Kurs
JGW-3.3
Finanzierung nachhaltiger Landwirtschaft
Wie unser Essen grüner finanziert werden kann
19.07. - 02.08.2026
Nahrungsmittel wachsen nicht aus Geld – aber ohne Geld wächst keine nachhaltige Landwirtschaft. Heute verursachen Agrar‑ und Ernährungssysteme rund ein Drittel der globalen menschengemachten Treibhausgasemissionen, während Kapital weiterhin in klimaschädliche Projekte fließt und wichtige Ökosysteme zerstört. Die Folgen treffen vor allem den Globalen Süden: Um Profite für wenige Unternehmen im Norden zu sichern, verlieren Kleinbäuer*innen, insbesondere Frauen und marginalisierte Gruppen, Land, Einkommen und Lebensgrundlagen.
Der Kurs fragt: Wie lässt sich Landwirtschaft so finanzieren, dass sie Klima, Biodiversität und Lebensgrundlagen schützt? Die Teilnehmenden erarbeiten, wie nachhaltige Finanzierung von Agrar‑ und Ernährungssystemen im Globalen Süden gestaltet werden muss, ohne kleinbäuerliche Betriebe zu marginalisieren.
In Woche 1 untersuchen die Teilnehmenden die Auswirkungen kapitalistischer Strukturen auf die Landwirtschaft (Enteignung, Landverlust und Gewalt) und lernen an realen Agri-Food-Systemen wie Kakao- oder Kaffeeanbau zentrale Finanzierungsinstrumente und nachhaltige Anbauformen kennen.

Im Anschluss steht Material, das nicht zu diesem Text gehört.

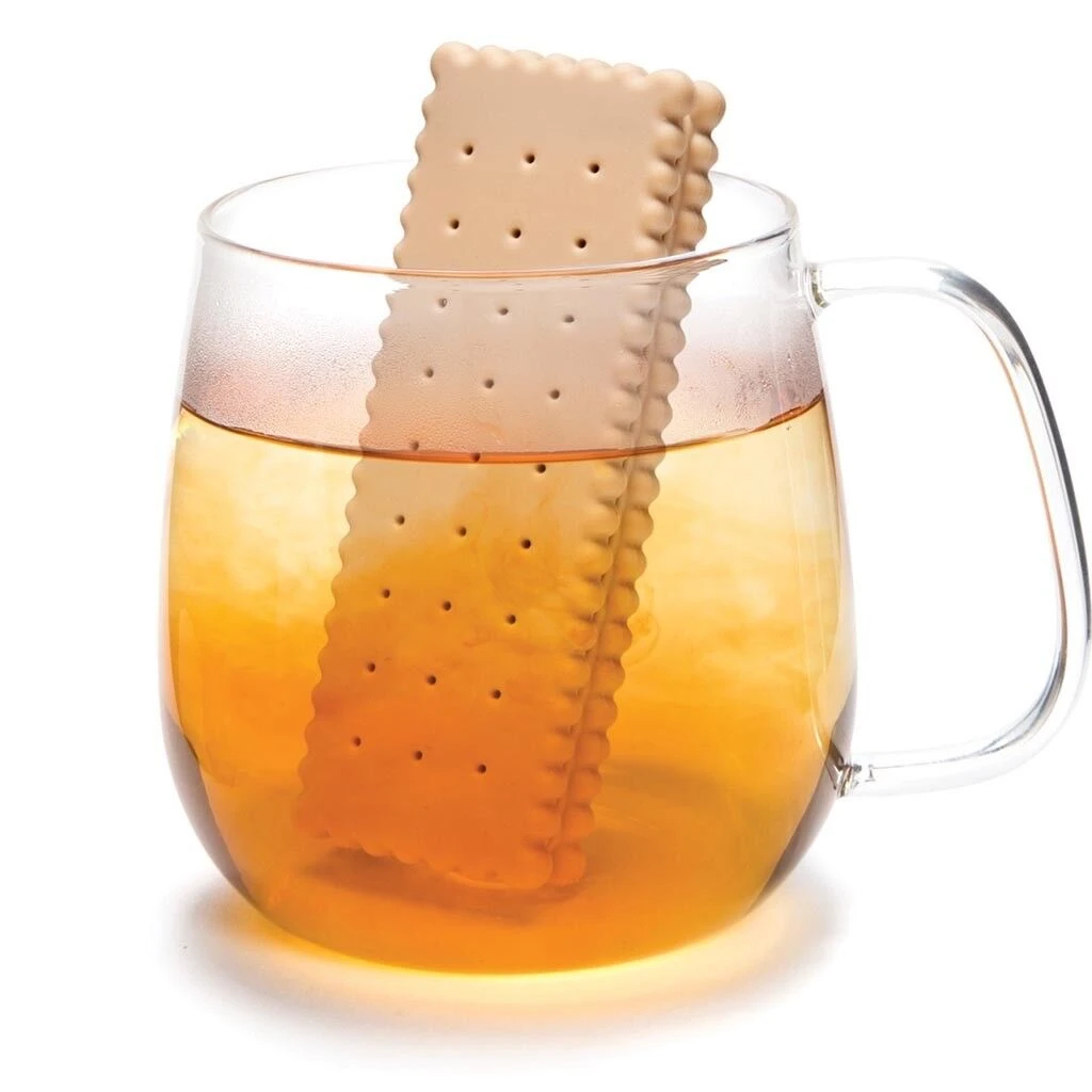 Het Biskviti thee-ei van Monkey Business is gemaakt van kunststof en roestvrij staal. Het thee-ei is vormgegeven als een biscuitje. Biskviti is 10 cm lang en 3 cm breed.
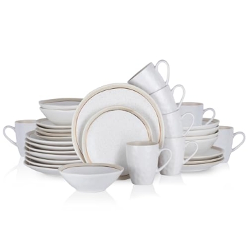 This comprehensive set includes a total of 32 pieces designed to serve up to 8 guests, ensuring you have everything you need for a complete dining experience. Each piece is thoughtfully sized to provide the optimal dining experience—from the 8.27-inch salad plates to the generous 10.83-inch dinner plates, 18.6 fl. oz. bowls, and 14.5 fl. oz. mugs. Clara's modern yet timeless design means you can effortlessly impress your guests during formal dinners or casual brunches alike.

In Woche 2 arbeiten die Teilnehmenden in Gruppen und wenden ihr Wissen in einem Planspiel an. Sie nehmen die Rollen von Vertreter*innen einer Entwicklungsbank, der Agrar‑ und Lebensmittelindustrie, einer internationalen Organisation oder einer lokalen Kooperative von Kleinbäuer*innen ein, um einen tragfähigen Kompromiss zu verhandeln. Die abschließende Reflexion zeigt, dass nachhaltige Finanzierung politisch und ethisch, nicht nur technisch, ist.
Aufgrund des internationalen Themas sind vereinzelt englischsprachige Elemente geplant.